The Whitehorse Community Choir’s annual holiday concert will be an online show this year as the Yukon continues to deal with COVID-19. (Submitted)

The Whitehorse Community Choir’s annual holiday concert will be an online show this year as the Yukon continues to deal with COVID-19. (Submitted)

Community choir brings Tidings and Tinsel online

Annual show can be viewed from Dec. 4 to 16

‘Tis the season for the Whitehorse Community Choir to bring some festive music to the territory.

The choir’s annual seasonal concert will be showcased online beginning Dec. 4 and available until Dec. 16.
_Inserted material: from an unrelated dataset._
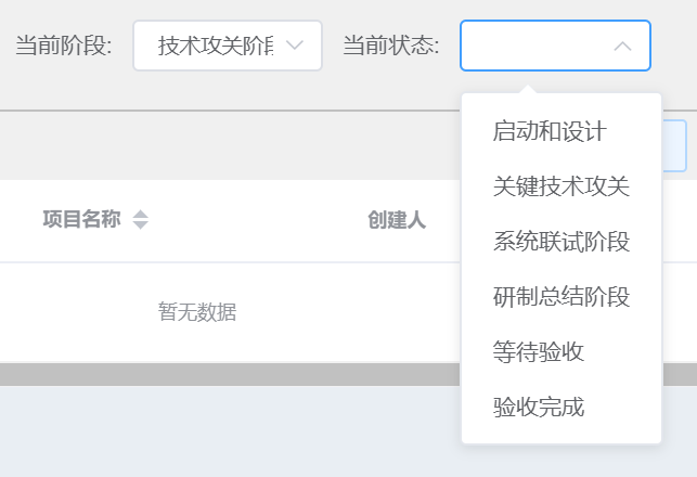 需要做两个选择器的级联操作,根据当前阶段显示不同的当前状态,我的第一思路是用到VUE的计算属性computed

This year’s performance – Tidings and Tinsel – brings a mix of festive music from around the world that will be performed by the three choirs within the community choir led by Barbara Chamberlin.

In a Nov. 23 interview, Chamberlin said she worked to find both familiar tunes (Here Comes Santa Claus, for example) as well as some, perhaps, unfamiliar treasures to a number of Yukoners (S’vivon and Nerli are a couple of Hanukah songs that will be featured, for example).

“There’s a little bit from everywhere,” she said.

Given the last nearly two years of the pandemic, Chamberlin said she worked to find songs that would be fun and upbeat for both choir members and what she initially thought would be a live audience.

The concert was originally scheduled as a live event at the Yukon Arts Centre Dec. 3 with an option to view the show online from Dec. 4 to 16. That changed when the Yukon government declared a state of emergency due to COVID-19 numbers rising earlier in November.

The additional COVID-19 measures brought in meant moving the concert entirely to the virtual option.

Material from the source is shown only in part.